Kitab ini hanya berisi pandangan ulama dalam menyikapi wabah penyakit dari perspektif keagamaan.

Kitab ini juga ditulis menggunakan pendekatan teologis normatif dengan mengutip beberapa pandangan, disertai argumen teologis. Hingga kemudian, penulis mengambil kesimpulan dari berbagai pendapat.

Secara garis besar, pokok pembahasan kitab ini seputar hukum menyikapi Wabah Thaa’uun, serta apa yang harus dilakukan.

Namun, sebelum kita membahas lebih jauh, terlebih dahulu saya paparkan definisi Thaa’uun di bagian awal kitab, agar kita bisa menyelaraskan konteks kita sekarang yang tengah menghadapi pandemi Covid-19.

Thaa’uun didefinisikan sebagai peristiwa kematian secara massal, seperti halnya wabah pandemi. Ibrahim Al-Harbiy dalam Kitab Garib al-Hadis menyebutkan makna Thaa’uun sama dengan wabah ataupun pandemi.

Pendapat ini juga diikuti seorang linguistik Arab al-Khalil bin Ahmad, yang menyamakan antara Taun dan wabah.

Sementara itu, Ayyadh menyebutkan versi berbeda, yaitu Thaa’uun lebih spesifik dari wabah. Dalam arti, Thaa’uun adalah bagian dari wabah.
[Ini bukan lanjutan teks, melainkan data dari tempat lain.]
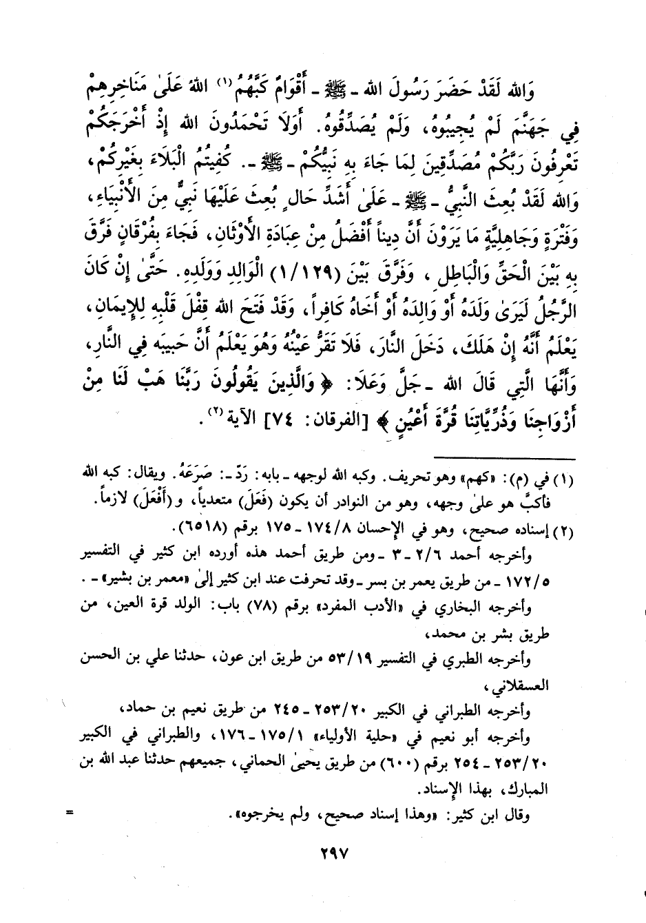 وَالله لَقَدْ حَضَرَ رَسُولَ الله -صلى الله عليه وسلم- أقْوَامٌ كبَّهُمُ (¬1) الله عَلَى مَنَاخِرِهِمْ فِي جَهَنَّمَ لَمْ يُجِيبُوهُ، وَلَمْ يُصَدِّقُوُه. أوَلا تَحْمَدُونَ الله إِذْ أخْرَجَكُمْ تَعْرِفُونَ ربَّكُمْ مُصَدِّقِينَ لِمَا جَاءَ بِهِ نَبِيُّكُمْ -صلى الله عليه وسلم-. كُفِيتُمُ الْبَلاءَ بِغَيْرِكُمْ، وَالله لَقَدْ بُعِثَ النبِيُّ -صلى الله عليه وسلم- عَلَى أشَدِّ حَالٍ بُعِثَ عَلَيْهَا نبِي مِنَ الأنْبِيَاءِ، وَفَتْرَةٍ وجاهليَّة مَا يَرَوْنَ أنَّ دِيناً أفْضَلُ مِنْ عِبَادَةِ الأوْثَانِ، فَجَاءَ بِفُرْقَانٍ فرَّقَ بِهِ بَيْنَ الْحَق وَالْبَاطِلِ، وَفَرقَ بَيْنَ (129/ 1) الْوَالِدِ وَوَلَدِهِ. حَتَّى إنْ كَانَ الرَّجُلُ لَيَرَى وَلَدَهُ أوْ وَالِدَه ُ أوْ أخَاهُ كَافِراً، وَقَدْ فَتَحَ الله قِفْلَ قَلْبِهِ لِلإيمَانِ، يَعْلَمُ أنَّهُ إنْ هَلَكَ، دَخَلَ النَّارَ، فَلا تقر عَيْنُهُ وَهُوَ يَعْلَمُ أنَ حَبيبَه فِي النَّارِ، وَأنَّهَا الّتِي قَالَ الله -جَل وَعَلا: {وَالَّذِينَ يَقُولُونَ رَبَّنَا هَبْ لَنَا مِنْ أَزْوَاجِنَا وَذُرِّيَّاتِنَا قُرَّةَ أَعْيُنٍ} [الفرقان: 74] الآية (¬2).

Sebaliknya, tidak semua wabah adalah Thaa’uun.

Poin inti dari definisi tersebut, bahwa Thaa’uun adalah semacam wabah penyakit yang menular sangat cepat, sehingga menimbulkan korban jiwa yang tidak sedikit, sama seperti halnya wabah Covid-19 yang kita hadapi sekarang.

Karena itu, sikap yang dianjurkan oleh ulama terkait wabah Thaa’uun bisa dijadikan pedoman dalam menyikapi wabah covid-19.

Hadis Terkait Wabah Thaa’uun

Seperti halnya kitab muktabarah lainnya, Badzlu al-Maa’uun juga memuat perbedaan pandangan ulama dalam menyikapi beserta argumennya masing-masing.

Misalnya, diskusi Umar bin Khattab dengan Abu Ubaidah bin Jarrah, beserta sahabat lainnya dalam sebuah kunjungannya ke Damaskus saat terjadi wabah.

Umar kemudian memutuskan kembali ke Madinah sebelum sampai ke Damaskus. Pendapat ini ditentang oleh Abu Ubaidah, yang menganggap Umar lari dari takdir Allah swt.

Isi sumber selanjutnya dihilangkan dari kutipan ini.